Denim in color with a fine coat of dust, and a faded Avery label at the top.  The handwritten title on the hardcover notebook read:  Will Notes – J A R Palin.

I opened the three-ring cover and found the brand “Hilroy”, size 8 1/2 x 5 1/5.The inside was a hounds tooth pattern, black and white.  The yellowed edged paper with rounded corners framed my father-in-law’s handwriting.  And what was the first item he wrote about willing to someone?  The Piano.

I skimmed through, from beginning to end of this first special notation to find the date:    April 8th, 1990, and the name of the person who was to receive the piano.

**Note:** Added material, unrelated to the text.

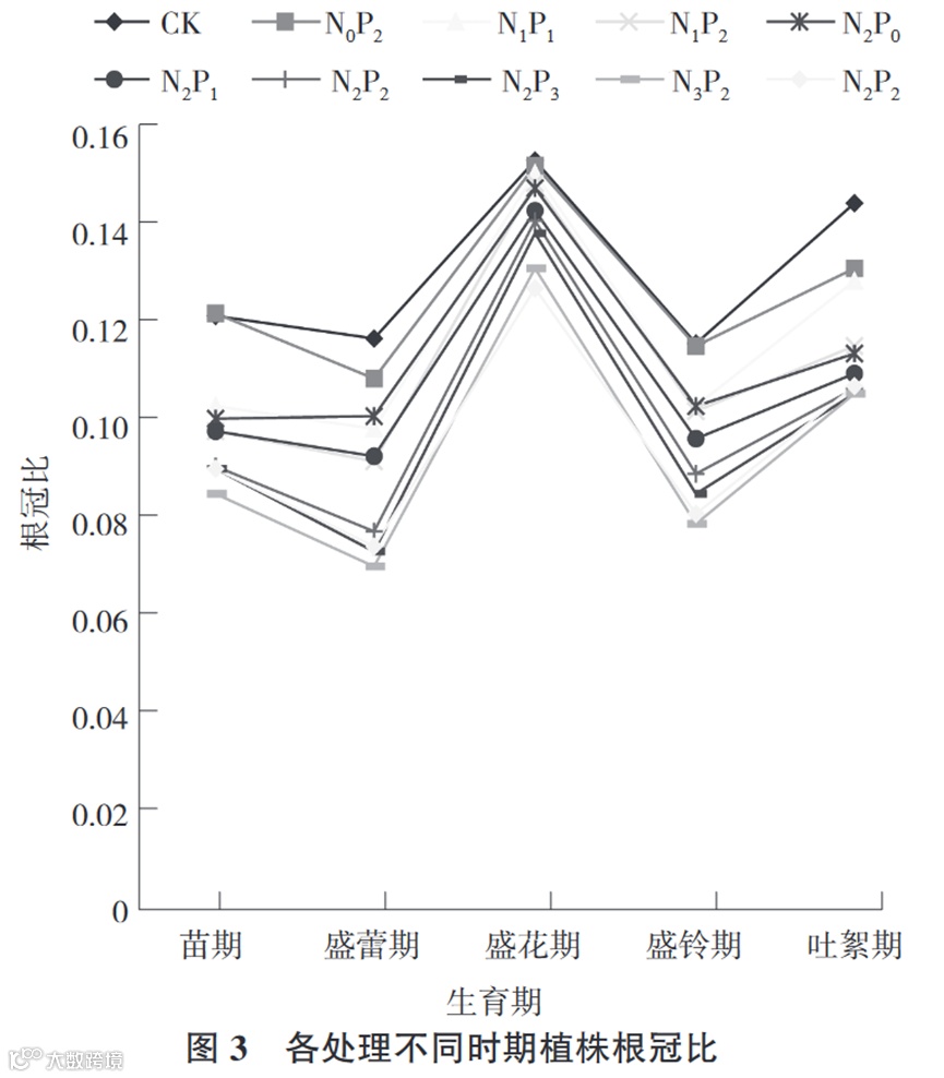 说明增施氮肥对植株根冠比影响明显,使根冠比减小;增施磷肥同样对植株根冠比有影响,但不明显。

I scampered out to the shop where my husband was helping me take some staples out of a project and I showed him the treasure.  Together we read through the notes, me aloud and he silently until I came upon a town or a word I couldn’t make out, then he would interject and we’d continue.  The piano began its travels in 1911, from Oshawa, Ontario to Flaxcombe, Saskatchewan….and on the story goes.  Something about rain and getting stored in a tent while a house was being built.  Water damage then lending it to a piano teacher, and so on….

It was late when I plucked this little gem off the shelf.  I had already found two mechanic manuals that I placed in our son’s room on his shelf next to his hat collection.  I was sure he would appreciate the sentiment.  Dad had probably given them to him a while ago and somehow they had gotten misplaced and forgotten.  They boasted the year 1977.             I couldn’t begin to imagine how the art of mechanics had changed since then.

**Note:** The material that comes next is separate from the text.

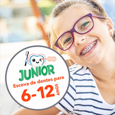 A escova de dentes elmex® JÚNIOR foi desenvolvida para facilitar a escovagem na fase em que os dentes de leite estão a ser substituídos pelos definitivos.

But this little notebook, I had not seen before.  Unfortunately there were not enough of Dad’s precious handwritten notes.  Not that he didn’t leave lots of stories, and a family genealogy complete with pictures – he did.  It’s just that once a person is gone, what is left never seems to be enough.  The more stories you can find the clearer you may hear his voice?

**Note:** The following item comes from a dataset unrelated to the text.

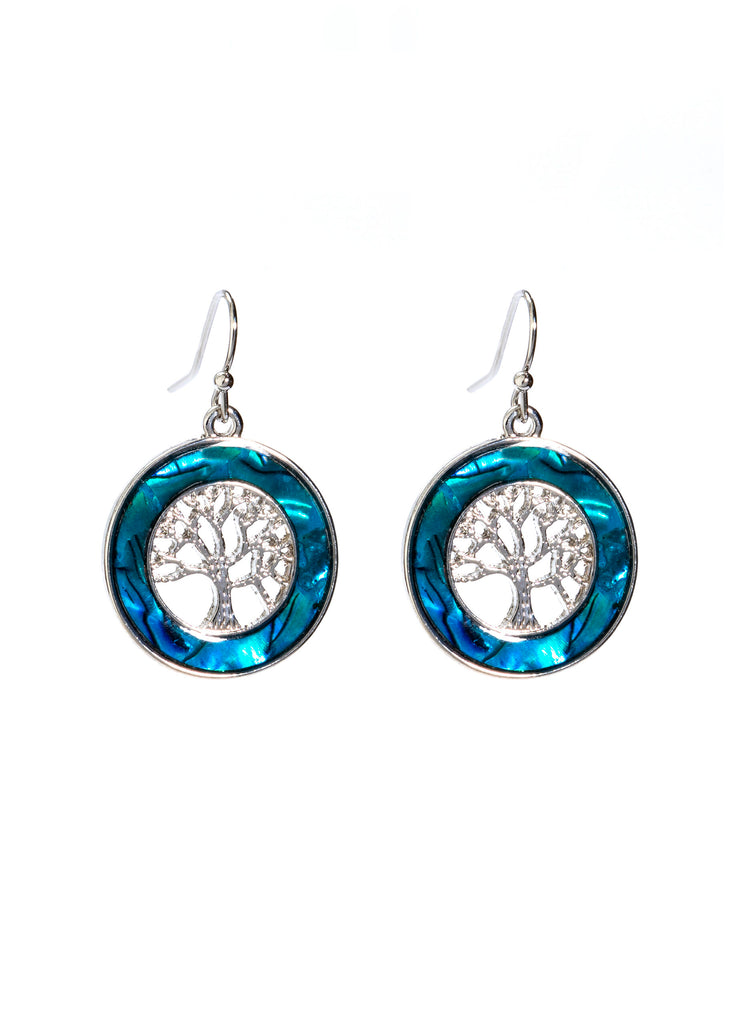 \nBuy these beautiful paua shell circle incorporating tree of life drop earrings. These earrings are exquisite and unique, no two paua shells are the same so each piece of jewellery incorporating paua shell is absolutely one of a kind. Paua shell is sometimes referred to as a marine or sea opal and are native to the shallow coastal waters around New Zealand. Paua are both rare and much sought after. Paua shell is important in Maori culture and are regarding as somewhat of a treasure. With such a vast array of beautiful natural colours it is easy to see why paua shell lends itself so well to jewellery.

The notes on the piano should be scanned and reprinted and preserved for her.  On some vintage card stock perhaps.  I picked up my first ever meter of music fabric the other day, it would serve as a great backdrop.  The project would be nothing short of perfection if we could frame the actual handwritten notes, but they’re double-sided, and we can’t miss a single word of the story, the curve, the scrawl, the shape of who he was at the end of each stroke of his pen.  A reprinted version will do, with the originals in an envelope on the back.  It will be as if it was always meant to be, and the project may even find its place hanging above the actual piano in their home.  What’s a piano without the history?

Thank you Dad for taking the time to write out so many little details about so many things that were important to you.  They are important to us and we are grateful!